= Beginning of Section =
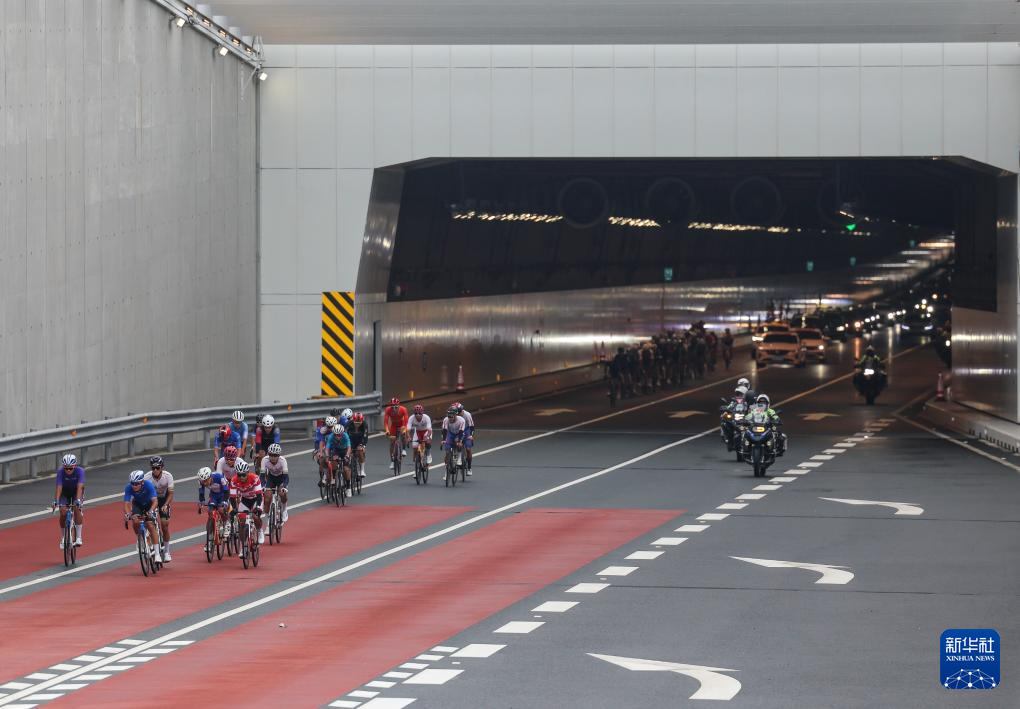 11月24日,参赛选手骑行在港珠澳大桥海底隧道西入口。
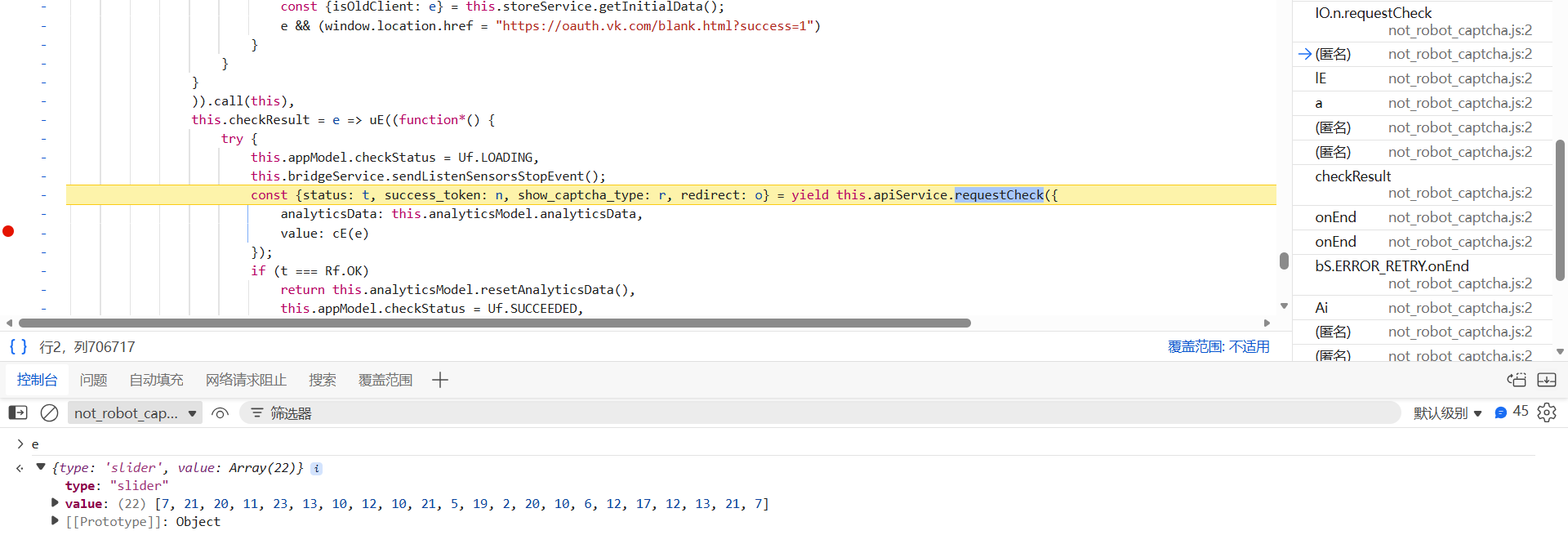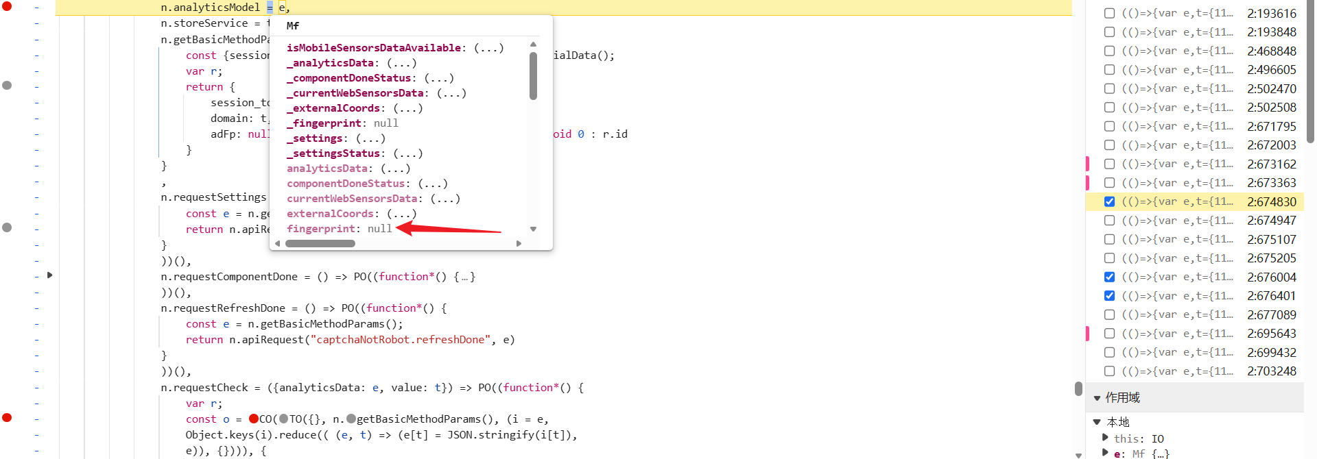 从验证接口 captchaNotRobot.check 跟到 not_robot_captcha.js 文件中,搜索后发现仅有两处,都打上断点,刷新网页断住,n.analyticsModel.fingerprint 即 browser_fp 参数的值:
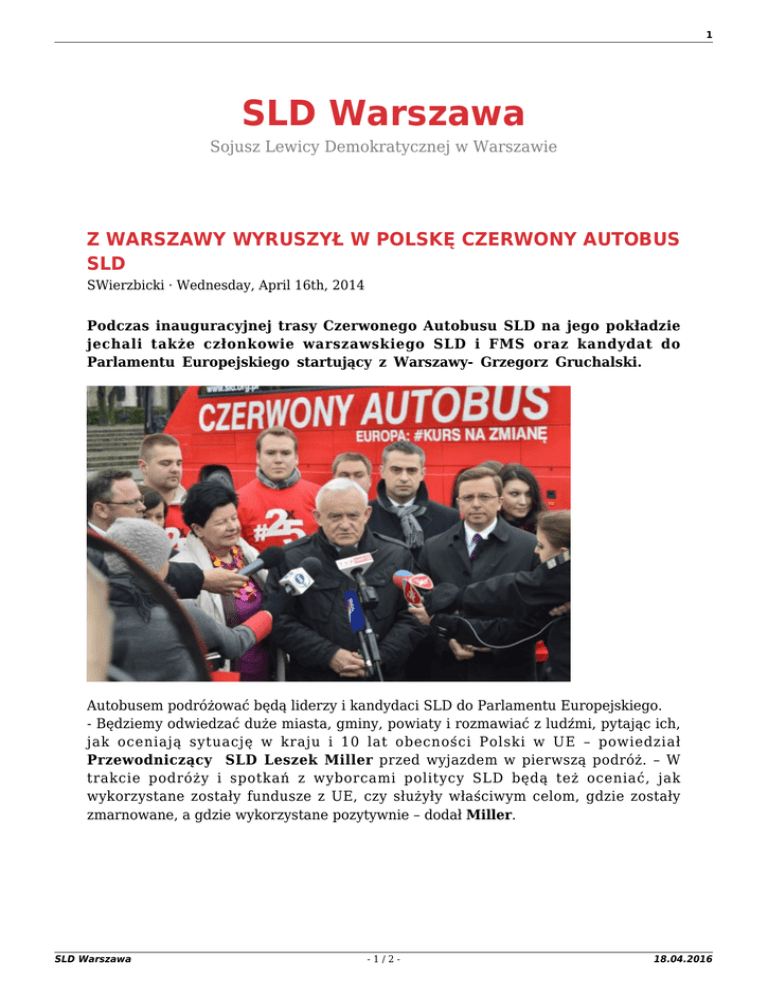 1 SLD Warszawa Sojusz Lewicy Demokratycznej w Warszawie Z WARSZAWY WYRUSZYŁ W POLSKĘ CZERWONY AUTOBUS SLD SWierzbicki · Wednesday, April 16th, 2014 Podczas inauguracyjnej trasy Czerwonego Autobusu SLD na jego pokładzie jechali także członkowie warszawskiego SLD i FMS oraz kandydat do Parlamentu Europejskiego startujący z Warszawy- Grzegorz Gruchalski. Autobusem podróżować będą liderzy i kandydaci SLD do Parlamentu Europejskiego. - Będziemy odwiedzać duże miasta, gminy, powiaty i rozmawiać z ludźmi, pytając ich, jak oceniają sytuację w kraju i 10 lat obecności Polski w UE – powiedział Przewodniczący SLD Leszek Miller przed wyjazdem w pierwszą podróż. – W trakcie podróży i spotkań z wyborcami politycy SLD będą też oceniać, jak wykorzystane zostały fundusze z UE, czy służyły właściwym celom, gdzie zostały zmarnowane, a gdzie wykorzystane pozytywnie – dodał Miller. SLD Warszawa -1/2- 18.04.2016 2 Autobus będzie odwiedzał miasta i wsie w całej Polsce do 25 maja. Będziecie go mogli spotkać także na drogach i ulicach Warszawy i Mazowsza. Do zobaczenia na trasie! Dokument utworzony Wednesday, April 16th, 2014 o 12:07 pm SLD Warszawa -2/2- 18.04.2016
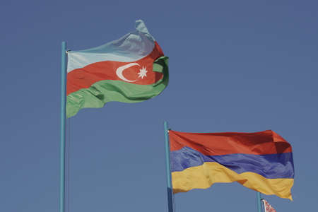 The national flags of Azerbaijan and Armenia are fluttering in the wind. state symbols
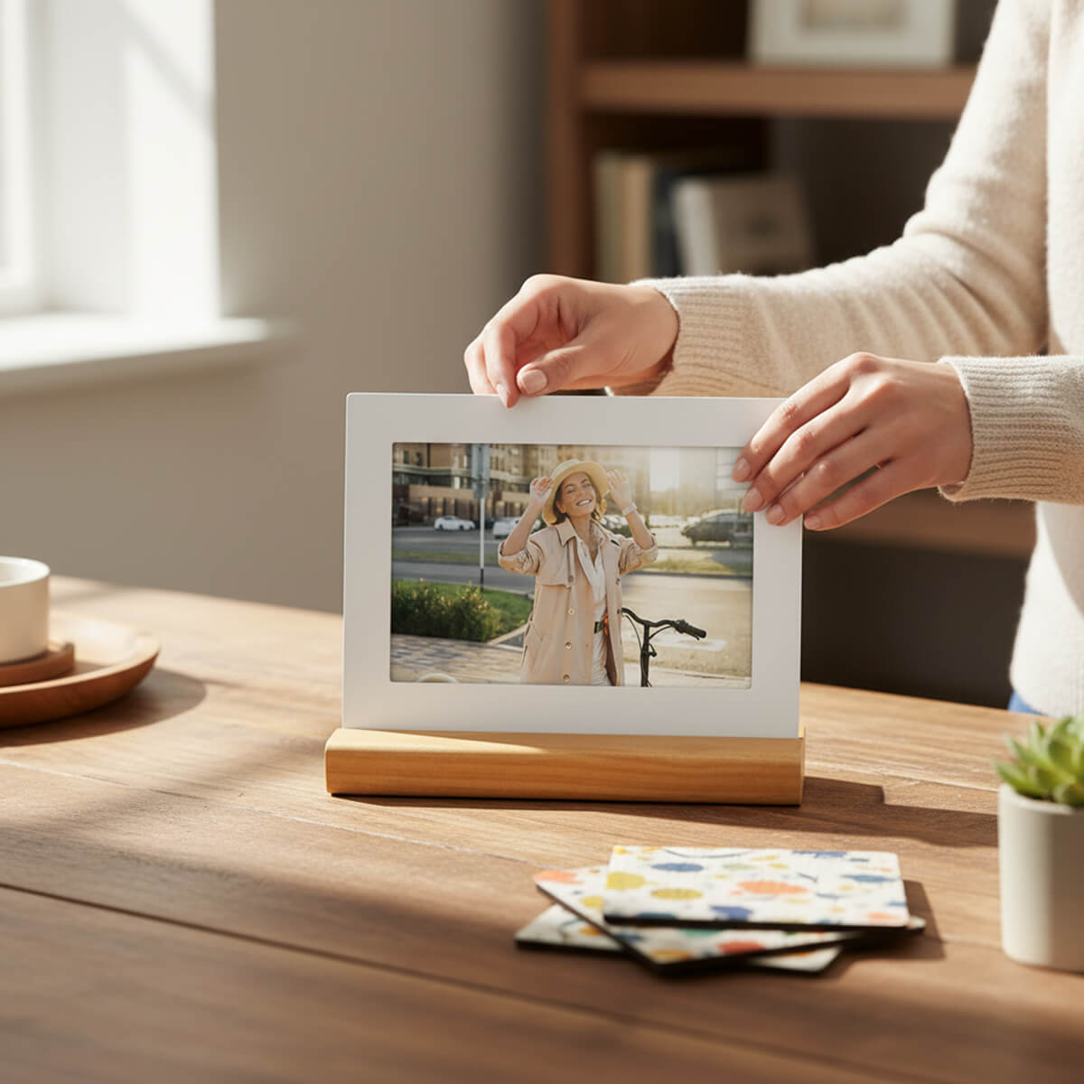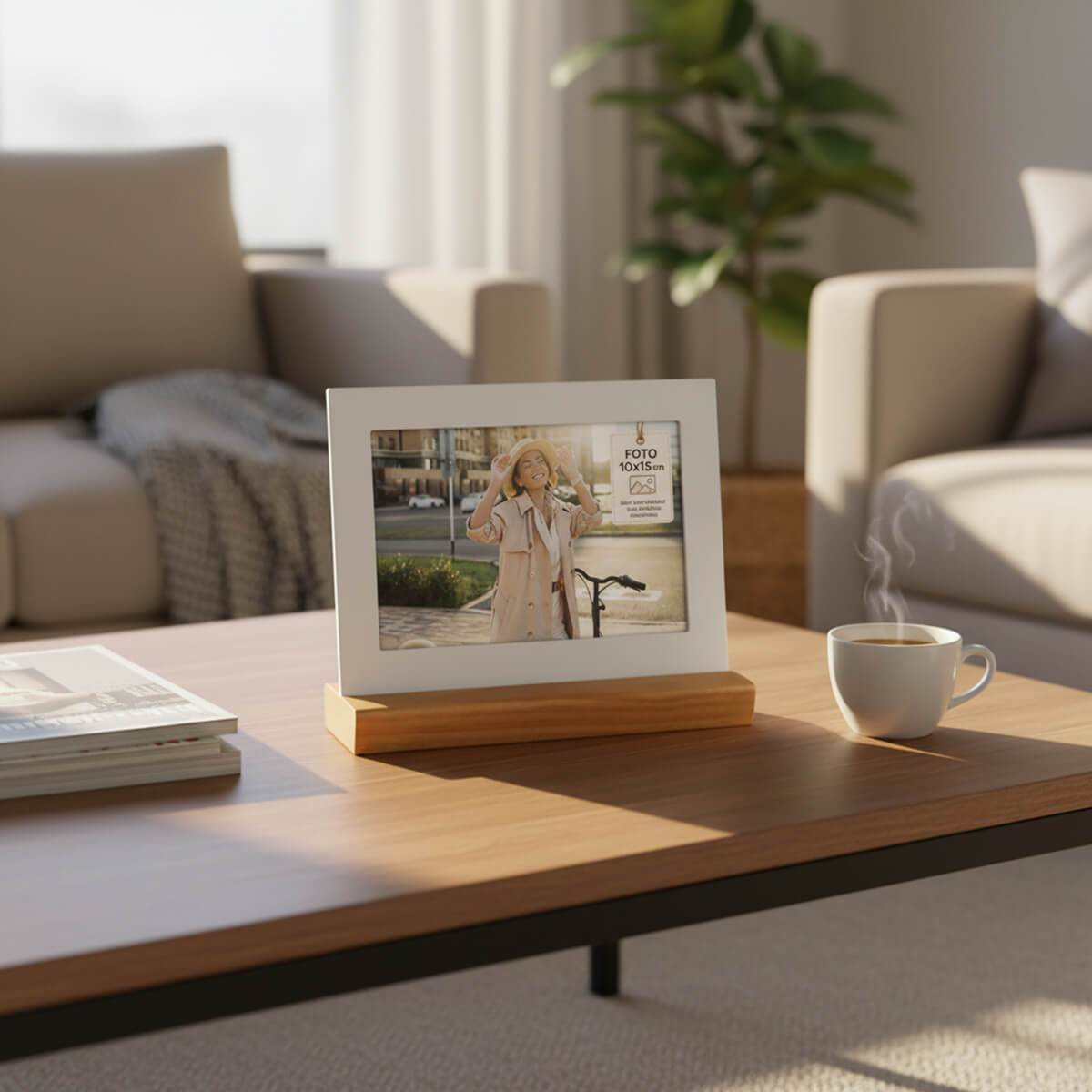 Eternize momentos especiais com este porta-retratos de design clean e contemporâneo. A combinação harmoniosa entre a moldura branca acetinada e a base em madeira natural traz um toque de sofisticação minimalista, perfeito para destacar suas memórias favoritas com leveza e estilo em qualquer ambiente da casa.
= End of Section =
### [To do]
With the pictures removed, set down every line of the listing above exactly.

### [Finished task]
 11月24日,参赛选手骑行在港珠澳大桥海底隧道西入口。
 从验证接口 captchaNotRobot.check 跟到 not_robot_captcha.js 文件中,搜索后发现仅有两处,都打上断点,刷新网页断住,n.analyticsModel.fingerprint 即 browser_fp 参数的值:
 1 SLD Warszawa Sojusz Lewicy Demokratycznej w Warszawie Z WARSZAWY WYRUSZYŁ W POLSKĘ CZERWONY AUTOBUS SLD SWierzbicki · Wednesday, April 16th, 2014 Podczas inauguracyjnej trasy Czerwonego Autobusu SLD na jego pokładzie jechali także członkowie warszawskiego SLD i FMS oraz kandydat do Parlamentu Europejskiego startujący z Warszawy- Grzegorz Gruchalski. Autobusem podróżować będą liderzy i kandydaci SLD do Parlamentu Europejskiego. - Będziemy odwiedzać duże miasta, gminy, powiaty i rozmawiać z ludźmi, pytając ich, jak oceniają sytuację w kraju i 10 lat obecności Polski w UE – powiedział Przewodniczący SLD Leszek Miller przed wyjazdem w pierwszą podróż. – W trakcie podróży i spotkań z wyborcami politycy SLD będą też oceniać, jak wykorzystane zostały fundusze z UE, czy służyły właściwym celom, gdzie zostały zmarnowane, a gdzie wykorzystane pozytywnie – dodał Miller. SLD Warszawa -1/2- 18.04.2016 2 Autobus będzie odwiedzał miasta i wsie w całej Polsce do 25 maja. Będziecie go mogli spotkać także na drogach i ulicach Warszawy i Mazowsza. Do zobaczenia na trasie! Dokument utworzony Wednesday, April 16th, 2014 o 12:07 pm SLD Warszawa -2/2- 18.04.2016
 The national flags of Azerbaijan and Armenia are fluttering in the wind. state symbols
 Eternize momentos especiais com este porta-retratos de design clean e contemporâneo. A combinação harmoniosa entre a moldura branca acetinada e a base em madeira natural traz um toque de sofisticação minimalista, perfeito para destacar suas memórias favoritas com leveza e estilo em qualquer ambiente da casa.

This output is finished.